Presentation Material

AI Generated Summary^{may contain errors}

Here is a summarized version of the content:

Identity and Purpose

The speaker demonstrates how to extract sensitive information from two folders, Idenentities (Sammy and Uami) containing system-assigned manager entity and user-assigned manager identities. This allows fetching of storage account keys and Azure tokens outside of the compute instance.

Malicious Activity vs Legitimate Activity

The speaker compares logs between legitimate and malicious activities, , showing that the logs are almost identical, AML workspace information can be fetched using a JWT token obtained from the system-assigned manager identity outside of the Azure boundary. The certificates used are valid for two years, requiring compute instance deletion to invalidate.

Takeaways

1. Enable cloud service logging and implement least privilege scoping for identities.
2. Defense in depth is crucial for cloud environments.
3. Threat modeling can help uncover design issues.
4. Set up environments using best practices, including private links and endpoints.
5. Monitor cloud environments for changes and perform regular security checks.

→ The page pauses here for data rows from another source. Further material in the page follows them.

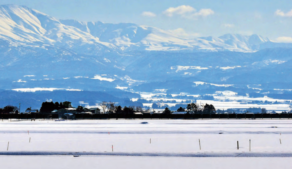
新雪の月山と庄内平野(庄内町余目)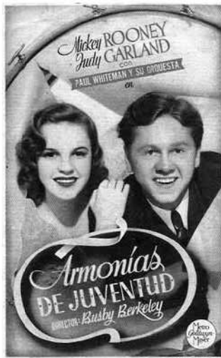
Pasqui dels anys quaranta.

Aquest any es va decretar la prohibició de projectar pel·lícules en cap altre idioma que no fos el castellà. El català és esborrat de la vida cultural de Mallorca i, com era d'esperar, la censura controla el tipus de teatre i de cinema que es pot veure. La majoria d'obres són de tendència costumista, amb trames còmiques i sentimentals. Segurament per raons patriòtiques, abans de sortir d'una funció de cinema o de qualsevol espectacle tots els espectadors s'havien d'aixecar i alçar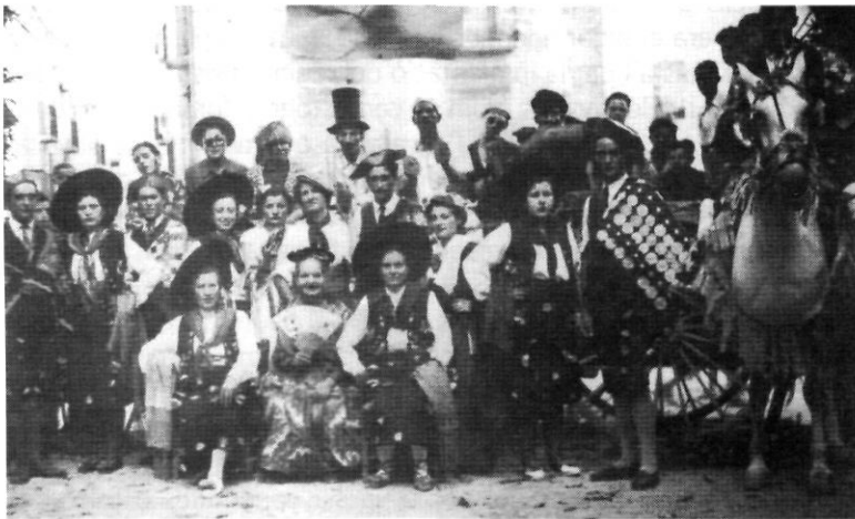
El carrer Major en un dels seus millors moments (1940)

que durant l'any, si no era a festes, poques coses especials hi havia a taula. No obstant això, l'economia de la major part de les famílies del poble no era compatible amb gaires celebracions.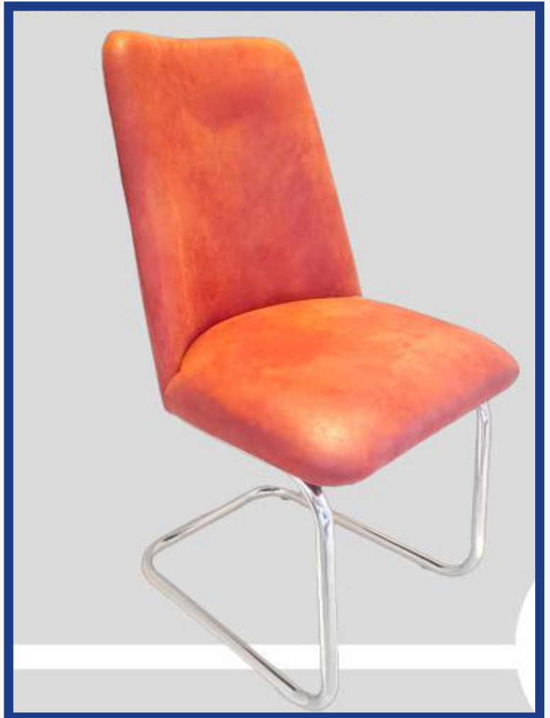
FLOTANTE Precio: Bs. 700.- Colores: Elección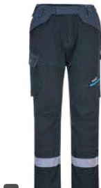
FR402 261,₺ ΠΑΝΤΕΛΟΝΙ WX3 FR SERVICE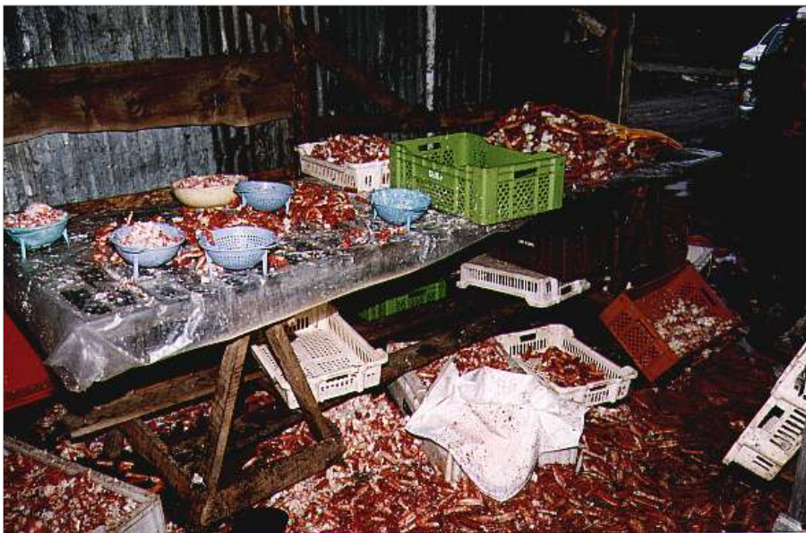
Procesamiento de centolla en clandestino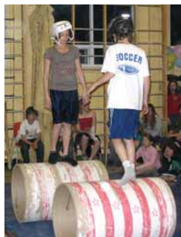
Projet pédagogique particulier du 3 e cycle : « Spectacle ».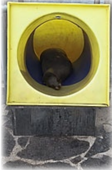
Seelöwe - San Christobal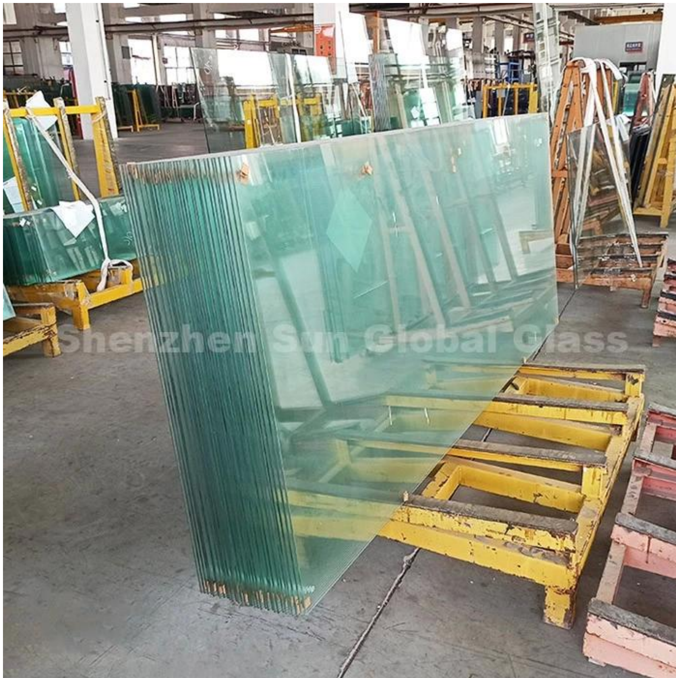
accesorios para la puerta deslizante de la ducha

El vidrio templado de 10 mm se hace generalmente al calentar el vidrio flotado de 10 mm casi a su punto de reblandecimiento y luego enfriarlo rápidamente con aire presionado alto. Esto hace que el vaso casi cinco veces sea tan fuerte como el vidrio tradicional. No solo es resistente al impacto de vidrio templado, también se rompe en piezas pequeñas y circulares. Este efecto desmoronible reduce el riesgo de lesiones graves en caso de que se rompa el vidrio. Otro beneficio es que el vidrio templado es más resistente al calor que el vidrio tradicional, lo que agrega el beneficio de calor aislante dentro de su ducha para una comodidad óptima.

Machine Learning Environments

1. The integrity of artifacts (e.g., Jupiter notebooks) is critical in machine learning environments.
2. Use custom roles and policies to avoid overprivileging.
3. Leverage frameworks like Azure Threat Research Matrix and Storage Matrix.
4. Implement the Atlas framework for adversarial threat landscape in AI systems.

Conclusion

The speaker emphasizes the importance of securing cloud services, especially in machine learning environments, where threats can have significant consequences. By following best practices and implementing defense in depth, organizations can reduce the risk of exploitation.